= United States Bridge Federation =

National federation for contract bridge in the United States

The United States Bridge Federation (USBF) is the national federation for contract bridge in the United States and a non-profit organization formed by the American Contract Bridge League (ACBL) and the American Bridge Association (ABA) in 2001 to hold the United States Bridge Championships and to select, train, and support Open, Women, Senior and Junior teams to represent the United States in international competition.

The USBF receives support for its teams from the ACBL International Fund and Junior Fund, its membership dues, contributions and entry fees for the USBCs.

== Organization ==
2018 officers.
- President: Marty Fleisher
- Vice President: Josh Parker
- CFO: Stan Subeck
- Secretary & COO: Jan Martel

The President and the Vice President are elected for 2-year terms.

==Olympic recognition==

Originally, the USBF was also created to support the World Bridge Federation (WBF) efforts to obtain Olympic recognition for bridge. Following August 2002 recommendations by the Olympic Programme Commission, bridge and chess were recognized as "mind sports" by the International Olympic Committee but they were not found eligible for the main Olympic program.

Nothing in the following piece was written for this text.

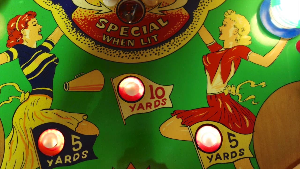 The "Rose-Bowl" pinball machine, released by D. Gottlieb & Co. in October 1951, is a single-player, electro-mechanical game designed by Wayne Neyens, featuring artwork by Roy Parker.
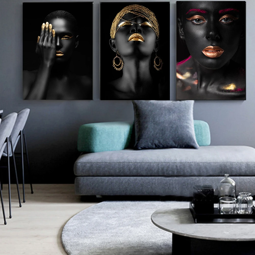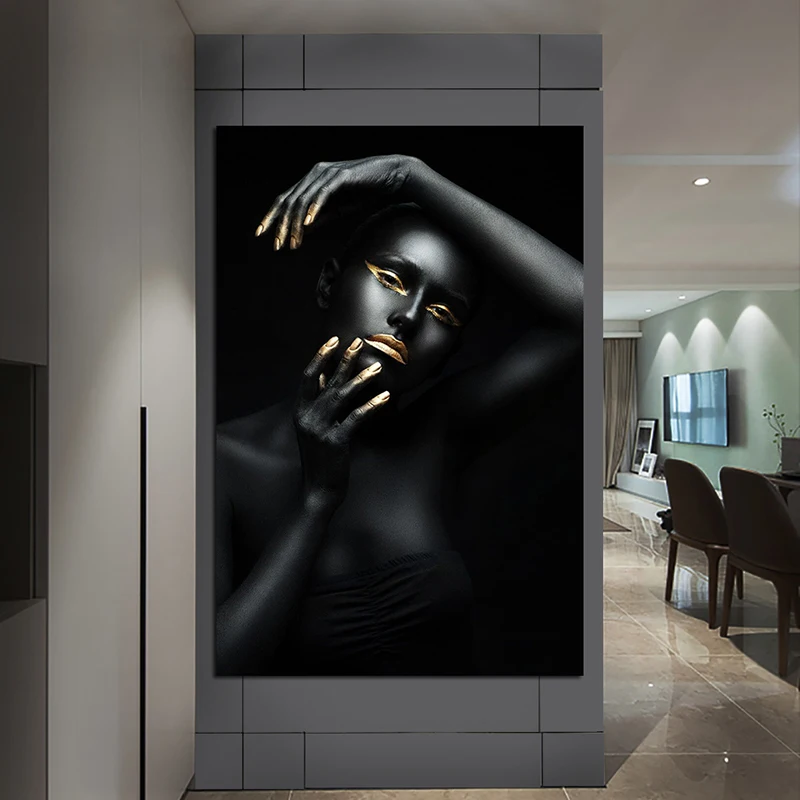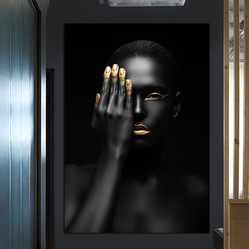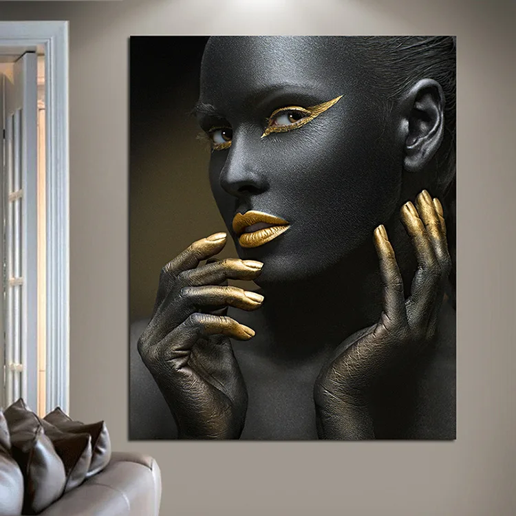 Привлекательные черные, Золотые губы, Обнаженная женщина, держащая ее глаза, холст, живопись, плакаты и принты, современные настенные картины для гостиной

On April 19, 2005, three years after that negative Commission report and three years before the 2008 Summer Olympic Games in Beijing whose program was its focus, four mind sports including bridge and chess established the International Mind Sports Association with primary purpose to organize quadrennial World Mind Sports Games approximately alongside the Olympics. The inaugural, 2008 World Mind Sports Games were held in Beijing during October, two months after the Summer Olympics and using the same facilities. The second, 2012 WMSG were held in Lille, France, entirely unassociated with the London Summer Olympics—smaller than in 2008, with a much smaller bridge program including no individuals, pairs, or youth events.